18 ギルド支店の喧騒6
次から依頼をこなす珍道中です
空気がドンドン悪くなるのを変えようと受付嬢はノルンと荒くれ者に声を掛ける。
受付嬢「とりあえず問題の件は私から上に報告しますのでこれでお開きということにしませんか?」
受付嬢の言葉に荒くれ者達は困惑しながらもこれ以上言い争うのを辞め引き下がる。
荒くれ者「あぁそうだな、今日はこれくらいにしといてやるよ。」
荒くれ者はそう言うとモナを気にはしたがこの場から周りの冒険者を引き連れて立ち去る。
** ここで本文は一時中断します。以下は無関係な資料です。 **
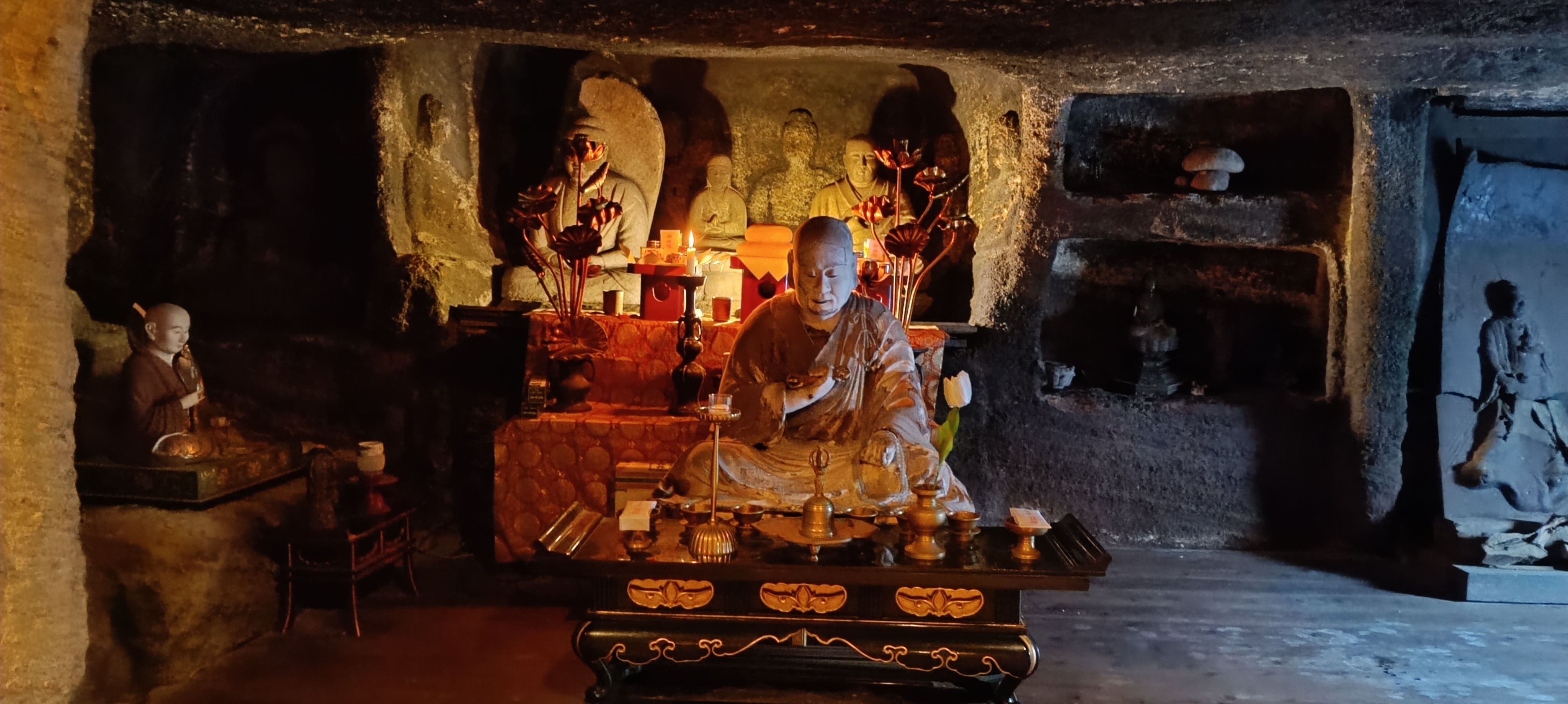 A Zentsu-ji templomban vagyunk, amelyik a 75. a sorban. Kiemelt szerepét a templomok között annak köszönheti, hogy Kobo Daishi szerzetes, a zarándokút és a shingon buddhista vallási irányzat alapítója ebben a városban, a leírások szerint éppen itt született. Itt, valahol. Mert hogy éppen vaksötétben tapogatódzom előre – vagy valamerre. Az alagút jobbra-balra kanyarog, és ami a világhoz köt ezekben a pillanatokban az a két talpam, amely a viszonylag egyenletes talajhoz ér, és bal kezem ujjainak idegvégződései, amik pontosan közvetítik az alagút falának sima, megnyugtató érintését.
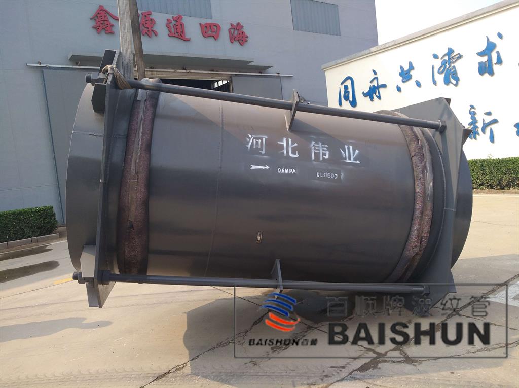 大拉桿橫向波紋管補償器,是一種用來補償彎曲管道的橫向位移。大拉桿波紋管補償器是由兩個相同的波紋管及端管、端板和拉桿組成的撓性部件,通過波紋管補償器的角偏轉(zhuǎn)可吸收管道單平面或多平面的橫向位移。4根長拉桿能承受內(nèi)壓推力和其它附加外力的作用,拉桿兩端的螺栓出廠前已調(diào)好間距,安裝前大拉桿是松動的,在大欄桿波紋管補償器工作變形后,大拉桿可以起到限制變形量保護波紋管補償器的作用。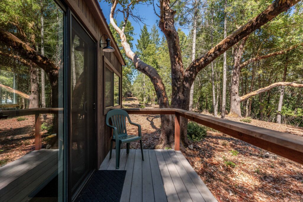 This cozy retreat cabin features a full-size bed and a dresser, along with a shrine cabinet, kitchen equipped with a dual-burner stove and mini-fridge, and an attached bathroom with a rustic shower and toilet. The cabin also boasts a private deck, heating, and air conditioning. This is a great option for couples.

それに合わせて野次を飛ばしていた飲んだくれ達も座っていた席に大人しく戻り始め、受付嬢とノルンとモナの三人が残った。
ノルン「騒がしくしてすみませんでした。」
受付嬢「いえいえ、あの人達が貴方に絡んで来るのは何時ものですので。」
受付嬢は何時もの事だと気にはしていなかったがモナの方をチラリと見てモナは見られた事に首を傾げていた。
受付嬢(それよりもこの子の発言のほうが気になるというか。)
ギルドに来て冒険者になろうとする子供は大体が成り上がるんだと息巻いて夢を追い掛けるのが大半なのだがモナの達観というより事実を淡々と話す様は受付嬢にとって正しく異様に見えた。
ノルン「ではギルドの上層部から通達があるまでここで適当な依頼をこなしますね。」
受付嬢「はい、了解しました。掲示板に張ってある依頼をお願いします。」
会話が終わるのを待っていたモナはキョロキョロと改めてギルドの中を見渡していた。
ノルン「モナ、用事は済んだし今日泊まる宿に行こっか」
モナ「うん、ねぇお姉ちゃん泊まる宿はどんな所なの?」
ノルンが優しい笑顔でモナに言いモナも笑顔で答え楽しげに会話しながらギルドから出ていくのを横目に見ながら受付嬢は思案する。
受付嬢(さっきまでの異様な空気が嘘みたいね、ほんと面倒事にならないですよね?)
受付嬢は重い溜め息を吐きながら業務に戻った。